WORK INSTRUCTIONS
Every entry below is to be copied exactly, apart from any picture it holds.

Stored records:
== Segment start ==

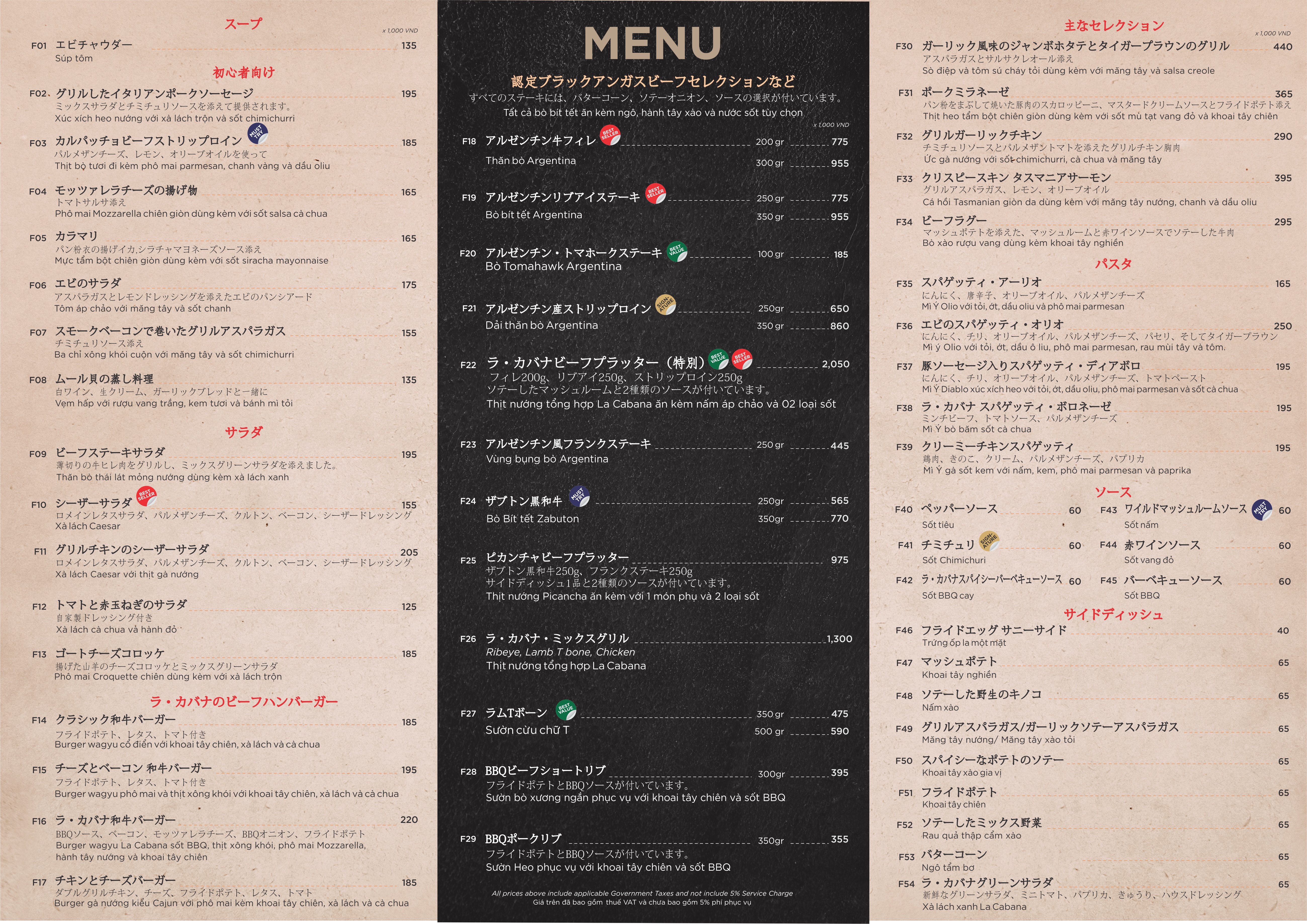 Nhà hàng chúng tôi có đa dạng các loại món ăn với hương vị ẩm thực Argentina. Tất cả thịt đều mềm, mọng nước và được nấu một cách hoàn hảo. Bên cạnh các loại thịt bò thượng hạng, chúng tôi còn phục vụ các loại thịt, sườn heo, cừu và các loại hải sản cùng với các loại salad tươi ngon và không thể kể đến món bánh mì tuyệt vời.
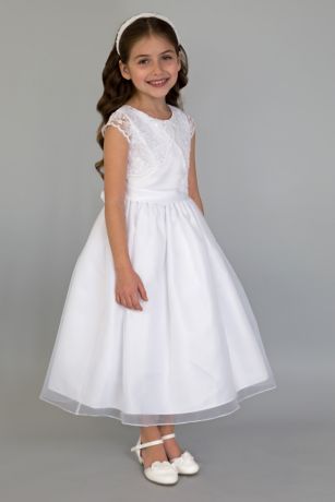 Sleeveless Faux Bolero Tea-Length Communion Dress
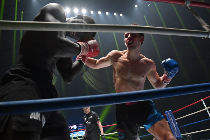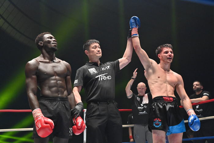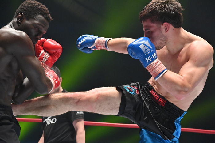 3Rもタフな打ち合いとなる。前に出て攻めるのはフェルドンクだが、左ボディを打てばカマラも左ボディを返す。頭と頭がくっつくような至近距離でボディを打ち合う中、フェルドンクが飛びヒザ蹴り。最後まで前に出て攻め続けたフェルドンクに対し、カマラはやや疲労が感じられた。
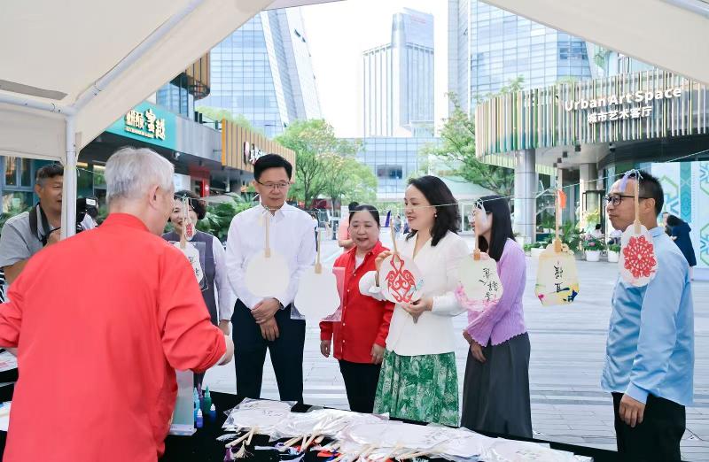 活動中,青年評彈演員朱江帶來以蘇州工業(yè)園區(qū)為背景的原創(chuàng)曲目《金雞起舞》,以現(xiàn)代藝術(shù)形式展現(xiàn)了園區(qū)的“古韻今風(fēng)”,將氣氛推向高潮。現(xiàn)場熱鬧非凡,市民游客不僅觀賞到了精美的緙絲藝術(shù)展,還積極參與了吹糖人、漆扇制作等互動體驗。這些端午傳統(tǒng)民俗活動讓市民在感受文化魅力的同時,也充分體驗到了節(jié)日的祥和氛圍。
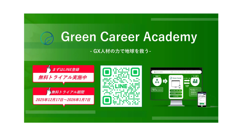 Green Career Academy公式LINEに友達登録いただいた方を対象に、2026年1月7日(水)まで無料で利用可能となるキャンペーンを実施中です。世界的に加速する脱炭素潮流に備えるため、誰もが“すぐに学べる・深く理解できる”新しいGX学習体験をお届けし、脱炭素スキルを「キャリアの武器に」にします。下記URL、QRコードよりLINE友達登録をお願いします。
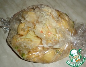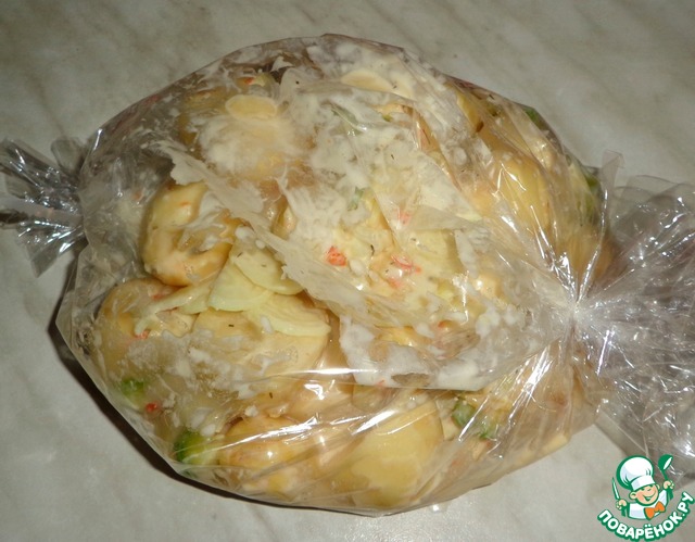 Выкладываем смесь в рукав для запекания. Хорошо завязываем края. Запекаем около получаса в духовке при температуре 180 градусов.
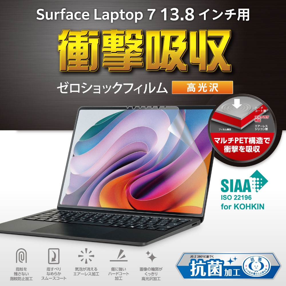 Surface Laptop 7(13.8インチ)用 フィルム(高透明/衝撃吸収/抗菌) EF-MSL7SFLPG
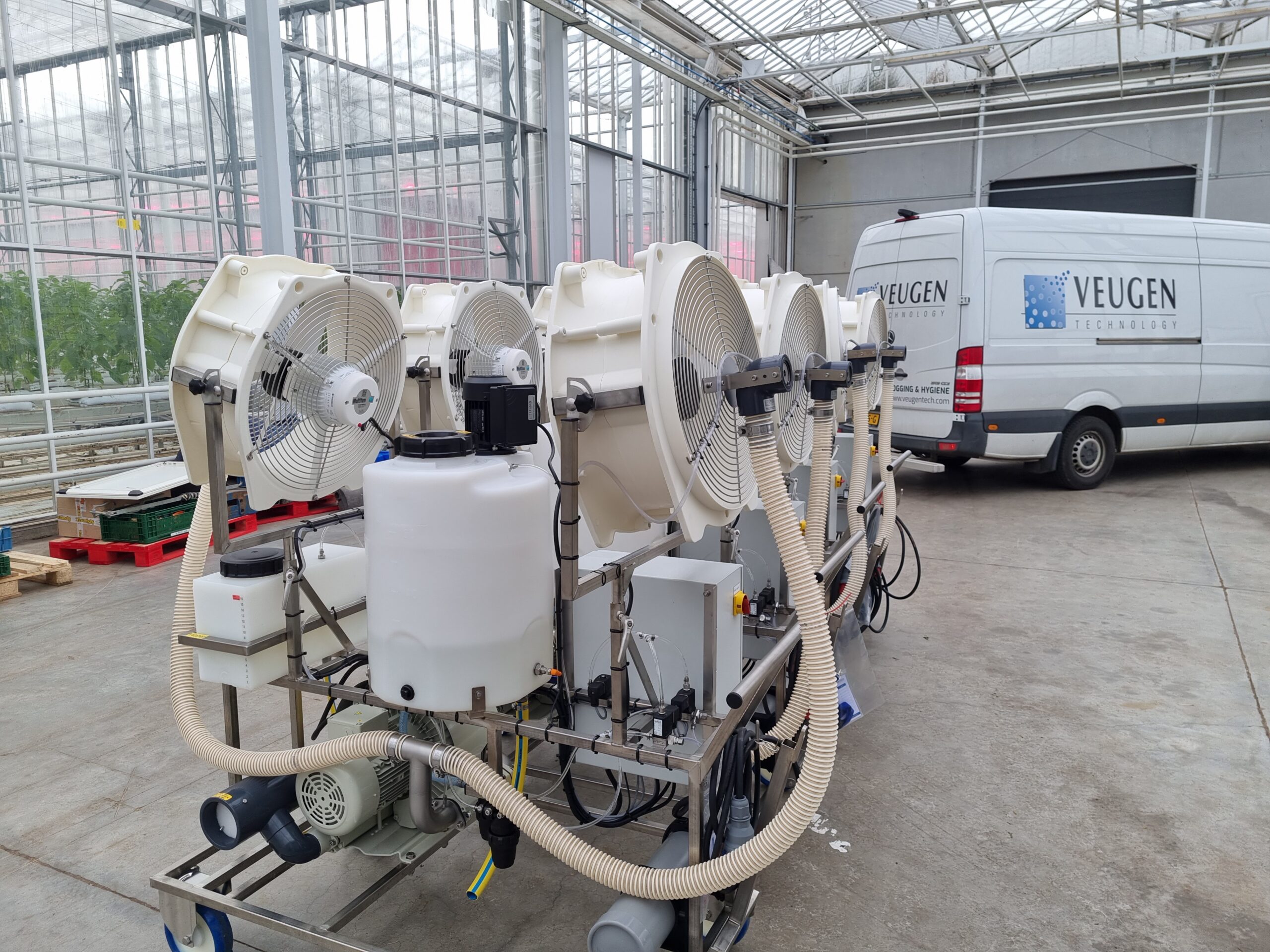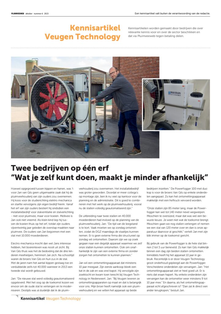 Op zolder staat de machine die het desinfectiemiddel automatisch doseert en daarna via leidingen verspreidt naar de nozzle-apparaten in de zes werkruimtes. Eéns per week, in de nacht van zaterdag op zondag, worden die ruimtes verneveld meteen desinfectiemiddel op basis van waterstofperoxide. De machine is aangesloten op ons alarm. Zetten we dat aan, dan hebben we er geen omkijken meer naar.” Het systeem werkt perfect, vertelt Meindert: “Alles in de ruimte, tot aan de binnenkant van kasten toe, wordt gedesinfecteerd. Bijkomend voordeel is dat ik nergens meer residu vind. Met het Halofog systeem van Veugen Technology hebben we dus de ideale balans gevonden tussen desinfectie en de juiste dosering. Tegenwoordig doen we wel acht tot tien weken met een jerrycan; dat scheelt zeker de helft.” Gaat het nooit mis met de desinfectie? Meindert: “Laatst deed ik een test met dipslides. De uitslag was nog binnen de marge, maar slechter dan normaal. Toen zag ik op het dashboard dat het alarm een paar keer niet was aangezet. Aan het systeem ligt het dus niet.”
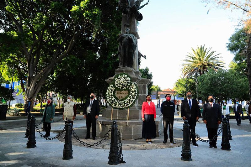 Autoridades municipales, encabezadas por la alcaldesa, Claudia Rivera Vivanco, presidieron la ceremonia cívica conmemorativa del 235 aniversario del natalicio de Nicolás Bravo.

== Segment end ==

ANSWER TO THE EXERCISE
 Nhà hàng chúng tôi có đa dạng các loại món ăn với hương vị ẩm thực Argentina. Tất cả thịt đều mềm, mọng nước và được nấu một cách hoàn hảo. Bên cạnh các loại thịt bò thượng hạng, chúng tôi còn phục vụ các loại thịt, sườn heo, cừu và các loại hải sản cùng với các loại salad tươi ngon và không thể kể đến món bánh mì tuyệt vời.
 Sleeveless Faux Bolero Tea-Length Communion Dress
 3Rもタフな打ち合いとなる。前に出て攻めるのはフェルドンクだが、左ボディを打てばカマラも左ボディを返す。頭と頭がくっつくような至近距離でボディを打ち合う中、フェルドンクが飛びヒザ蹴り。最後まで前に出て攻め続けたフェルドンクに対し、カマラはやや疲労が感じられた。
 活動中,青年評彈演員朱江帶來以蘇州工業(yè)園區(qū)為背景的原創(chuàng)曲目《金雞起舞》,以現(xiàn)代藝術(shù)形式展現(xiàn)了園區(qū)的“古韻今風(fēng)”,將氣氛推向高潮。現(xiàn)場熱鬧非凡,市民游客不僅觀賞到了精美的緙絲藝術(shù)展,還積極參與了吹糖人、漆扇制作等互動體驗。這些端午傳統(tǒng)民俗活動讓市民在感受文化魅力的同時,也充分體驗到了節(jié)日的祥和氛圍。
 Green Career Academy公式LINEに友達登録いただいた方を対象に、2026年1月7日(水)まで無料で利用可能となるキャンペーンを実施中です。世界的に加速する脱炭素潮流に備えるため、誰もが“すぐに学べる・深く理解できる”新しいGX学習体験をお届けし、脱炭素スキルを「キャリアの武器に」にします。下記URL、QRコードよりLINE友達登録をお願いします。
 Выкладываем смесь в рукав для запекания. Хорошо завязываем края. Запекаем около получаса в духовке при температуре 180 градусов.
 Surface Laptop 7(13.8インチ)用 フィルム(高透明/衝撃吸収/抗菌) EF-MSL7SFLPG
 Op zolder staat de machine die het desinfectiemiddel automatisch doseert en daarna via leidingen verspreidt naar de nozzle-apparaten in de zes werkruimtes. Eéns per week, in de nacht van zaterdag op zondag, worden die ruimtes verneveld meteen desinfectiemiddel op basis van waterstofperoxide. De machine is aangesloten op ons alarm. Zetten we dat aan, dan hebben we er geen omkijken meer naar.” Het systeem werkt perfect, vertelt Meindert: “Alles in de ruimte, tot aan de binnenkant van kasten toe, wordt gedesinfecteerd. Bijkomend voordeel is dat ik nergens meer residu vind. Met het Halofog systeem van Veugen Technology hebben we dus de ideale balans gevonden tussen desinfectie en de juiste dosering. Tegenwoordig doen we wel acht tot tien weken met een jerrycan; dat scheelt zeker de helft.” Gaat het nooit mis met de desinfectie? Meindert: “Laatst deed ik een test met dipslides. De uitslag was nog binnen de marge, maar slechter dan normaal. Toen zag ik op het dashboard dat het alarm een paar keer niet was aangezet. Aan het systeem ligt het dus niet.”
 Autoridades municipales, encabezadas por la alcaldesa, Claudia Rivera Vivanco, presidieron la ceremonia cívica conmemorativa del 235 aniversario del natalicio de Nicolás Bravo.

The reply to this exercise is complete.